Risky Business

Students are constantly expected to battle with failure. We tell them to ‘Fail Better’, or tell them that Michael Jordan has ‘failed’ 9000 shots in his career and “that is why [he] succeed[s]”. We get them to plan, edit and redraft, always ready with a red pen to point out errors, to critique. And if they’re afraid of failure, we say “Try, don’t give up!” We expect them to pick themselves up, dust themselves off and to make progress- to be constantly getting better . We expect teenagers- with all their baggage- to risk failure in front of their peers. And if they don’t take a risk, we call them out on it. 

But as teachers, how comfortable are we with our own failures? Risk taking in the classroom is surely where we uncover inspiration. By diving into the unknown, risk allows us to forge ahead with new learning and to break new ground. It allows us to make connections with students and to inspire a love of our subject. But with risk, comes the possibility of failure. In a climate of content driven curriculum, an emphasis on retention of knowledge over time and linear courses, can we really allow ourselves the possibility of failure?
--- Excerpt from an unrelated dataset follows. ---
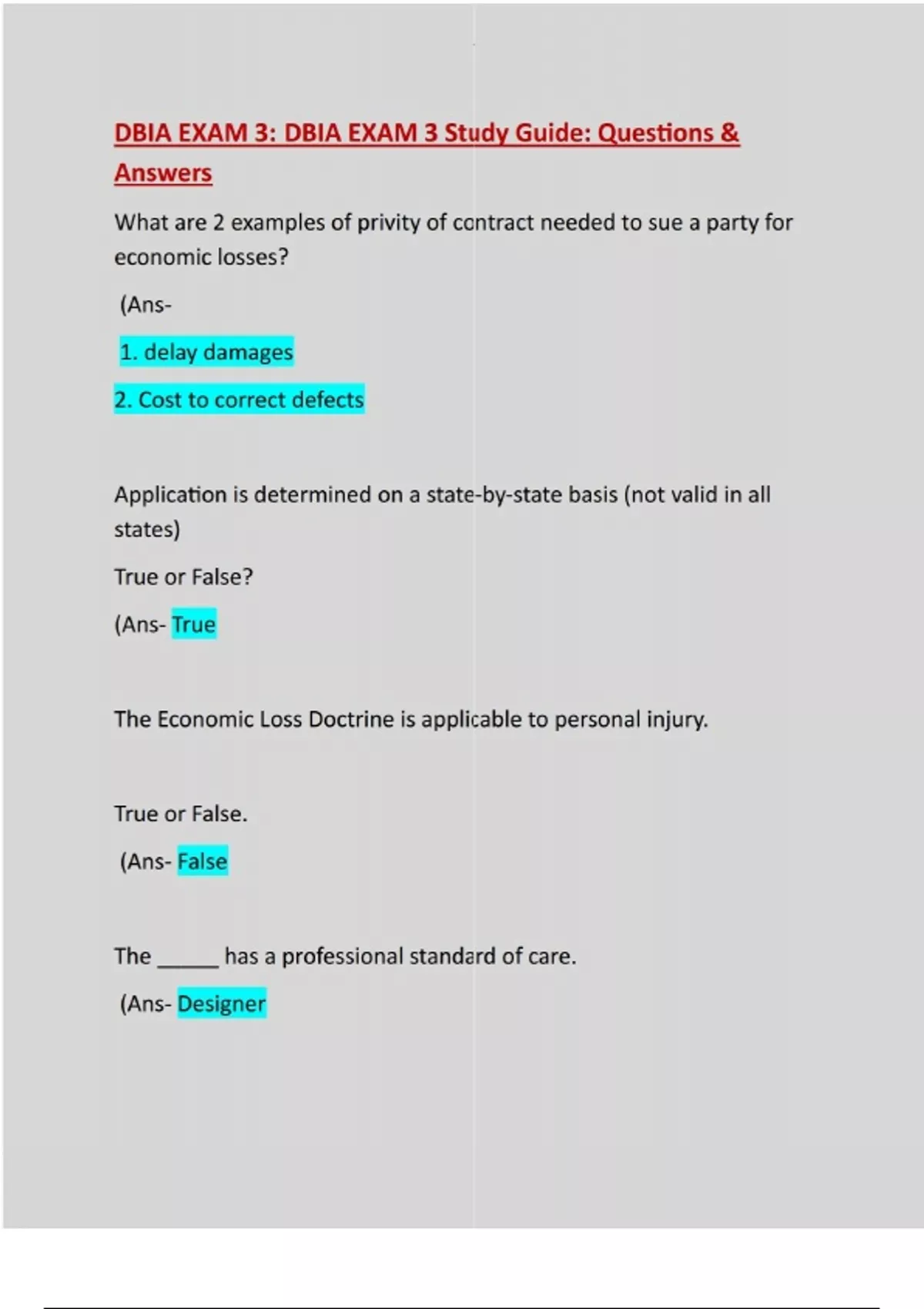 DBIA EXAM 3: DBIA EXAM 3 Study Guide: Questions & Answers: Updated Solution

I work at a school only recently removed from Special Measures, where the behaviour and compliance of students in lessons has been an area of constant focus. To introduce risk into the classroom could mean that students start talking about something unrelated to the lesson. Something that happened last week at their Granny’s house, while they swing on their chair, flip a bottle and talk across the room. And that moment of fuzzy ‘failure’ and lack of engagement is the exact moment that your Head Teacher chooses to walk down the corridor, locking eyes with first the bottle flipper- then you.

Is risk therefore worth the risk?

In this blog, I’ll be trying to take a risk every week in the classroom. Something that puts me out of my comfort zone. If it fails, I’ll unpick the process and, like I’m constantly telling my students, try to ‘fail better’- that is, to use what didn’t work as part of a path to success. I firmly believe that risk creates powerful moments in the classroom- moments where we can make connections with students that simply wouldn’t happen where we choose to play it safe. So let’s get it wrong, let’s risk a look from someone that says “WTF are you doing in there?” 

Where we push at the edges of our practice, we inspire, we motivate, we connect. Regardless of errant water bottle flippers and occasional aimless chat, risk is worth the risk.